Unquestionably the competition of this twine with standard brands rested largely upon its lower price basis. Obviously dealers could not sell it as readily at the same price as was charged for standard brands. Moreover, some dealers may have preferred not to buy of a concern which appeared to disregard its commitments. Appellant's excuse for the breach was that otherwise it would have operated at a loss. This was not a legitimate excuse, at least as to orders already taken. Huntington v. Jacob Haish Co., 190 Iowa 1197, 181 N.W. 480. It could hardly be called dealing in good faith. *1381

The damages were based upon the claimed loss of commissions on such orders taken by appellee prior to March 24, 1937, as were not accepted by the customers on account of the increase in price. The jury did not allow the full amount claimed by appellee. In cases of this character damages are often incapable of exact determination but where there is substantial evidence of a proper character the damages cannot be said to be wholly speculative and unascertainable. Appellee had incurred expenses and spent time in taking the orders. He had completed the work of making these sales. That he be paid the commissions earned was only substantial justice. Huntington v. Jacob Haish Co., supra; Hichhorn, Mack Co. v. Bradley, 117 Iowa 130, 90 N.W. 592; Atlas Brewing Co. v. Huffman, 217 Iowa 1217, 252 N.W. 133. We think it was not error to submit this question to the jury.

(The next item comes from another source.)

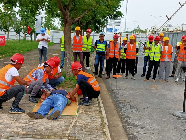 此次演練是模擬工人在戶外作業(yè)時發(fā)生中暑后的現(xiàn)象以及如何進(jìn)行急救的。演練現(xiàn)場,演練示范人員按照應(yīng)急預(yù)案對“中暑”的員工進(jìn)行緊急施救,首先發(fā)現(xiàn)中暑人員后將其迅速轉(zhuǎn)移到陰涼通風(fēng)的地方,移動、冷敷、擦浴、降溫、補(bǔ)水......各項(xiàng)救援措施緊張有序。整個演練過程歷時30多分鐘,中暑人員在急救小組的緊密合作下,及時得到救治。演練過程中,市政工程部全體人員和各在建工地相關(guān)人員全程參與觀摩。

[5] III. The trial court overruled the motion of appellant for judgment notwithstanding the verdict. The basis for such motion is that the pleadings of the successful party fail to aver some material fact necessary to a complete cause of action or defense. Code section 11553; In re Larimer's Estate, 225 Iowa 1067,283 N.W. 430. It is sufficient to say there was no such omission in appellee's counterclaim.

The judgment is affirmed. — Affirmed.

HAMILTON, C.J., and STIGER, SAGER, HALE, BLISS, and MILLER, JJ., concur.